The MLPreprocessor class provides a scikit-learn-style transformer API for preprocessing gravitational-wave data for machine learning applications. It implements the preprocessing pipeline used in DeepClean v2, including:

Data splitting: Time-ordered train/validation split with integer-second alignment
Bandpass filtering: Butterworth filter with multiple frequency bands
Standardization: Channel-wise normalization (Z-score or robust MAD-based)

This preprocessing is applicable to any machine learning model (DeepClean, Random Forest, XGBoost, etc.), not just deep learning.

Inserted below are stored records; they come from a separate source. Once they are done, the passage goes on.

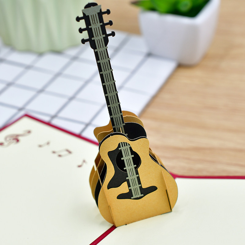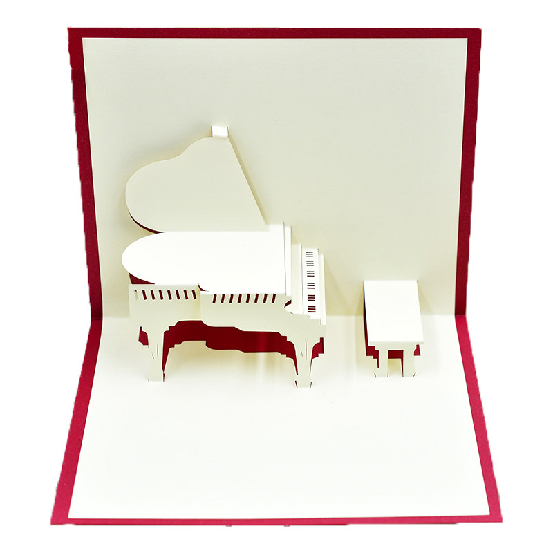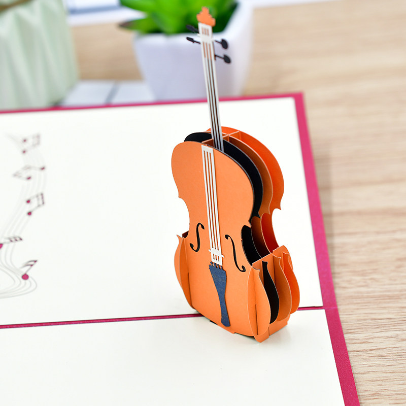 3D立体钢琴吉他小提琴造型乐器手工剪纸小贺卡片节日生日祝福礼物
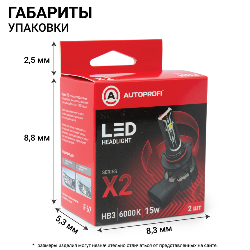 Лампа светодиодная Autoprofi, Х2 компак, HB3, 12V / 15W, 6000K, 4000 Lm, комплект 2 шт.
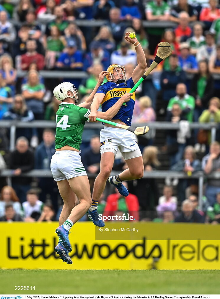 8 May 2022; Ronan Maher of Tipperary in action against Kyle Hayes of Limerick during the Munster GAA Hurling Senior Championship Round 3 match between Limerick and Tipperary at TUS Gaelic Grounds in Limerick. Photo by Stephen McCarthy/Sportsfile
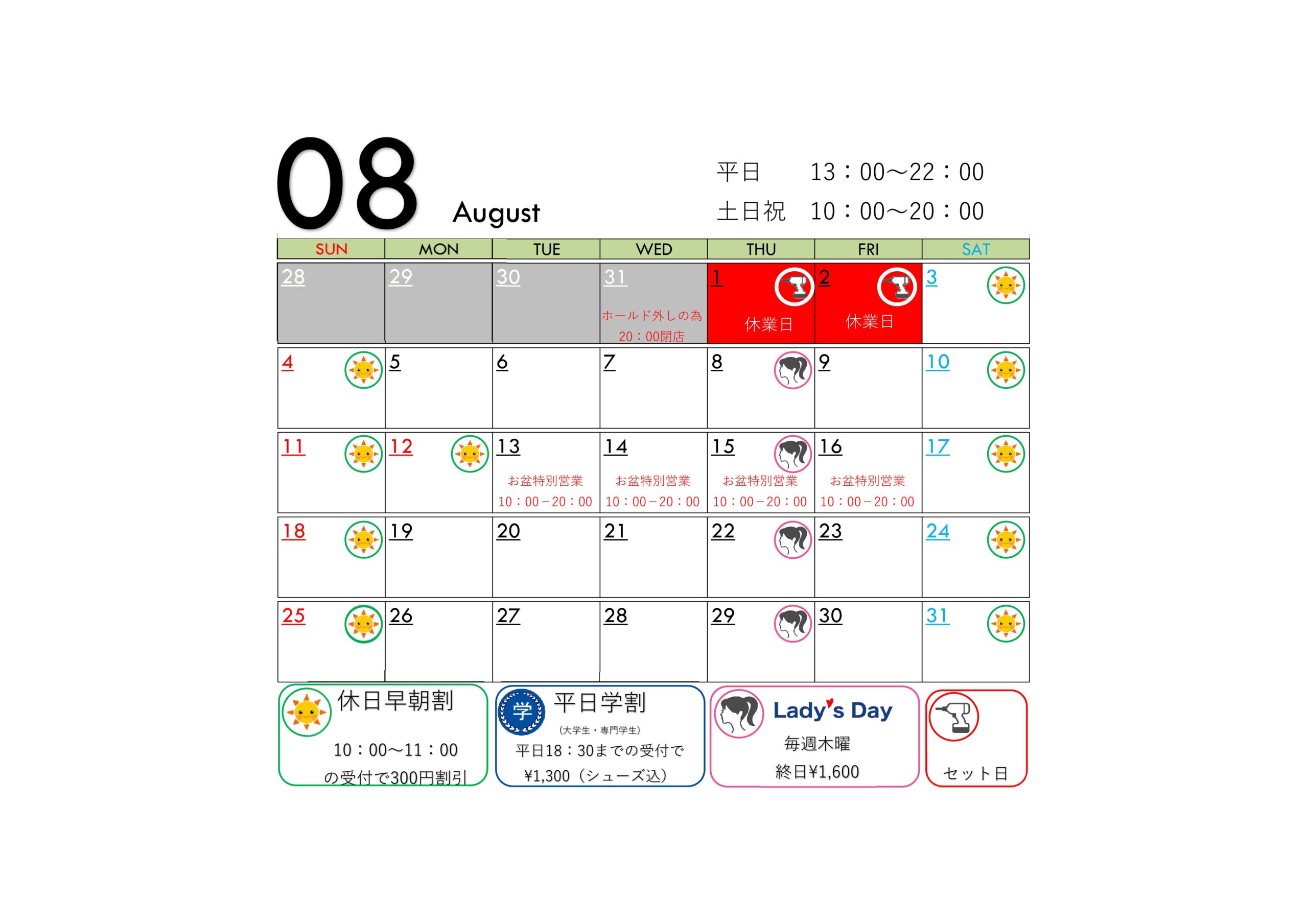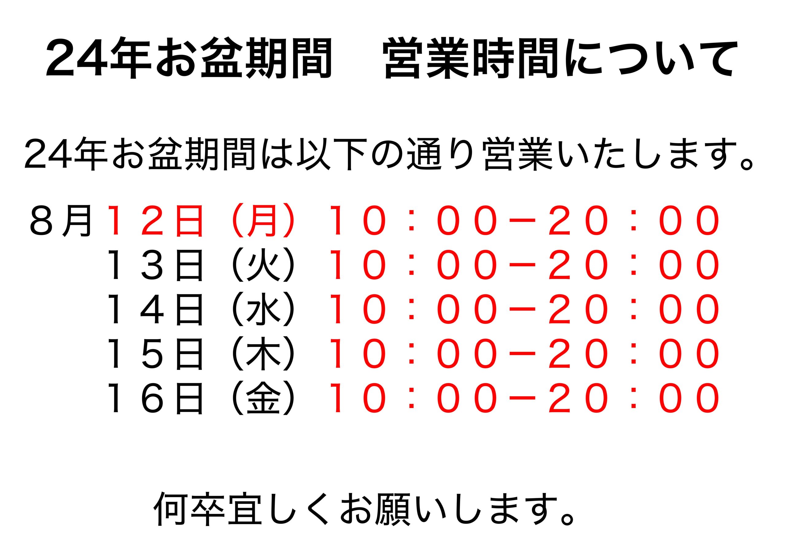 お盆期間は、土日祝日営業となっており営業時間に変更がございます。
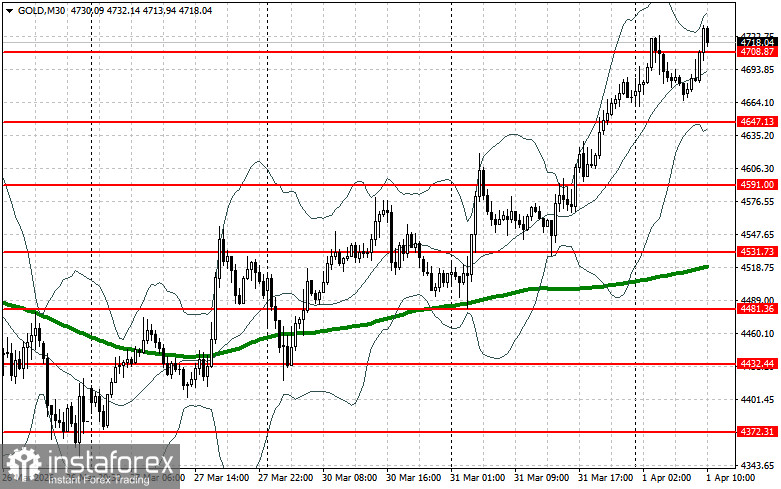 Что касается текущей технической картины золота, то покупателям нужно забирать ближайшее сопротивление $4708. Это позволит нацелиться на $4771 выше которого пробиться будет довольно проблематично. Самой дальней целью выступит области $4835. В случае падения золота медведи попытаются забрать контроль над $4647. Если это удастся сделать, пробой диапазона нанесет серьезный удар по позициям быков и столкнет Gold к минимуму $4591 с перспективой выхода на $4531.

Related API: Preprocessing API, Time Series API
Related theory: Validated Algorithms, Numerical Stability

[2]:

import warnings

warnings.filterwarnings("ignore", category=UserWarning)
warnings.filterwarnings("ignore", category=DeprecationWarning)

import warnings

with warnings.catch_warnings():
    warnings.simplefilter('ignore')

    # Suppress warnings for cleaner documentation output

[3]:

import sys
from pathlib import Path

# Ensure the root directory is in sys.path
root = Path.cwd()
while root.parent != root:
    if (root / "gwexpy").exists():
        if str(root) not in sys.path:
            sys.path.insert(0, str(root))
        break
    root = root.parent

import matplotlib.pyplot as plt
import numpy as np

from gwexpy.signal.preprocessing import MLPreprocessor
from gwexpy.timeseries import TimeSeries, TimeSeriesMatrix

Basic Usage

Let’s create some dummy data representing auxiliary (witness) channels and a target strain channel.

[4]:

# Generate dummy data
np.random.seed(42)
sample_rate = 4096  # Hz
duration = 10  # seconds
n_samples = sample_rate * duration
n_channels = 3

# Witness channels (auxiliary sensors)
witnesses = TimeSeriesMatrix(
    np.random.randn(n_channels, n_samples) * 10 + 50,  # Different mean/std
    t0=0,
    dt=1 / sample_rate,
    unit="m/s^2",
    channel_names=["SEIS-X", "SEIS-Y", "SEIS-Z"],
)

# Target strain channel with 60Hz noise
t = np.arange(n_samples) / sample_rate
signal_60hz = 2 * np.sin(2 * np.pi * 60 * t)
strain = TimeSeries(
    signal_60hz + np.random.randn(n_samples) * 0.5,
    t0=0,
    dt=1 / sample_rate,
    unit="strain",
    name="H1:GDS-CALIB_STRAIN",
)

print(f"Witnesses shape: {witnesses.shape}")
print(f"Strain length: {len(strain)}")
print(f"Duration: {duration} seconds")

Witnesses shape: (3, 1, 40960)
Strain length: 40960
Duration: 10 seconds

Preprocessing Pipeline

The typical workflow is:

split(): Divide data into train/validation sets
fit(): Learn statistics and filter coefficients from training data
transform(): Apply preprocessing to train/validation data

Axis-order note: in this notebook, witness inputs X stay in GWexpy’s channel-first order (n_channels, 1, n_samples). Many ML libraries expect batch-major tensors later, so transpose only at the dataset/model boundary and keep the preprocessing steps in the original axis order.

[5]:

# Create preprocessor with 55-65 Hz bandpass filter
preprocessor = MLPreprocessor(
    sample_rate=sample_rate,
    freq_low=[55.0],
    freq_high=[65.0],
    valid_frac=0.2,  # 20% validation
    standardization_method="zscore",
)

# Split data
X_train, y_train, X_valid, y_valid = preprocessor.split(witnesses, strain)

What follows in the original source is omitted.